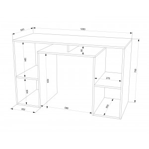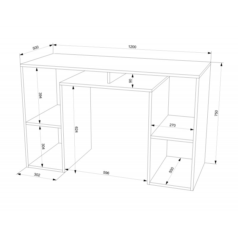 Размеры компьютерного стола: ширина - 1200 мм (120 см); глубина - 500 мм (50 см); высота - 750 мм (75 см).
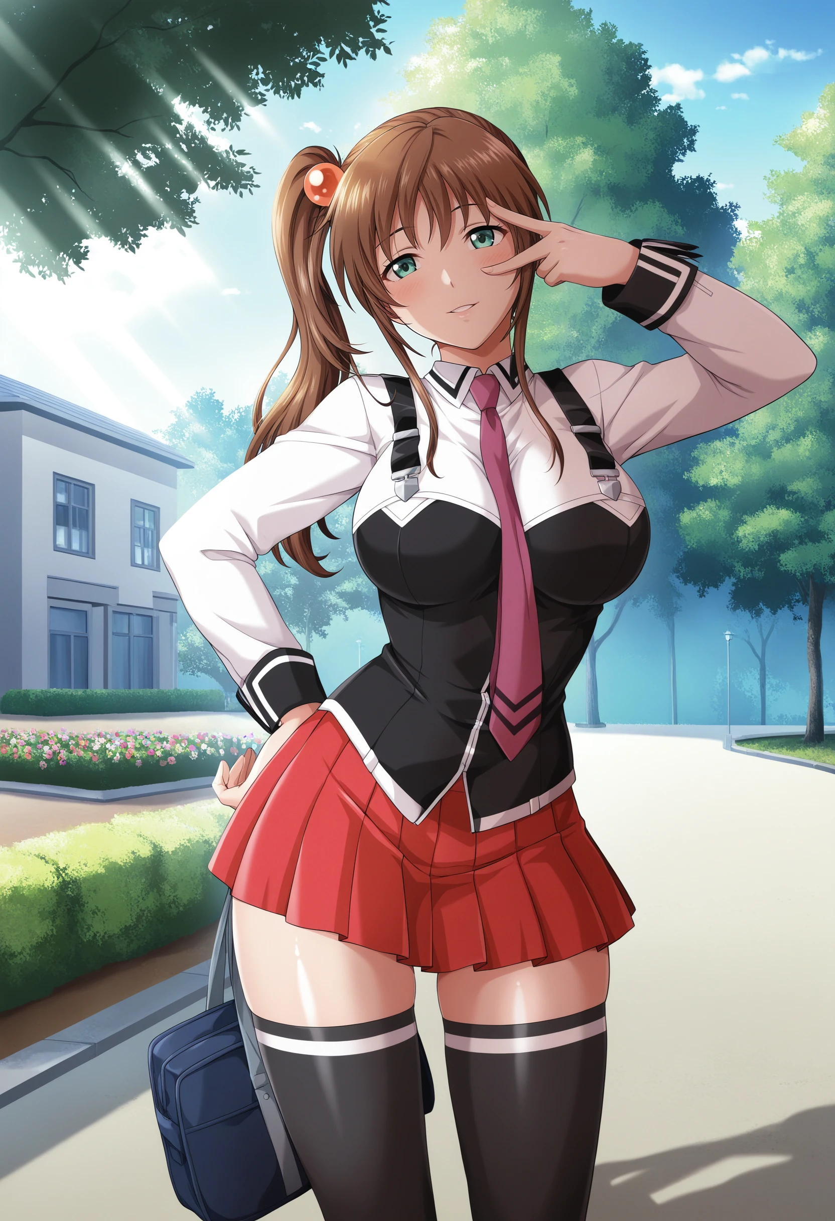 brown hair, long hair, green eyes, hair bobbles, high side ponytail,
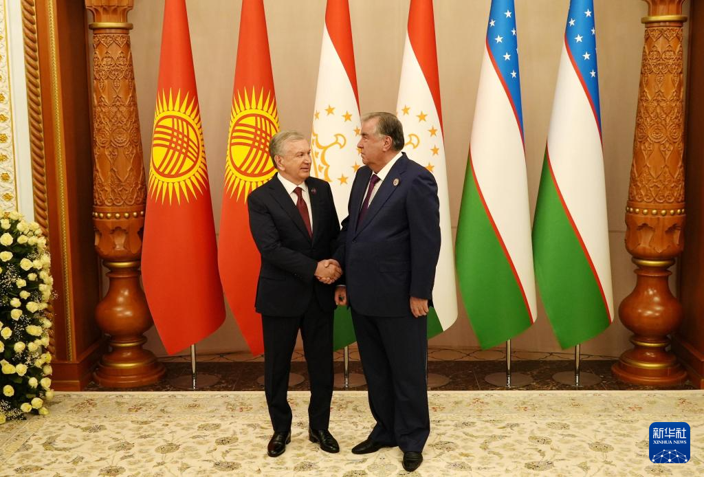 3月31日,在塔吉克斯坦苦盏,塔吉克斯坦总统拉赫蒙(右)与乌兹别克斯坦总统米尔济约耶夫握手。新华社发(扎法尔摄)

▬▬▬▬▬▬

Your instructions: Would you please give the material above again, unchanged but without pictures?

Answer box:
 Размеры компьютерного стола: ширина - 1200 мм (120 см); глубина - 500 мм (50 см); высота - 750 мм (75 см).
 brown hair, long hair, green eyes, hair bobbles, high side ponytail,
 3月31日,在塔吉克斯坦苦盏,塔吉克斯坦总统拉赫蒙(右)与乌兹别克斯坦总统米尔济约耶夫握手。新华社发(扎法尔摄)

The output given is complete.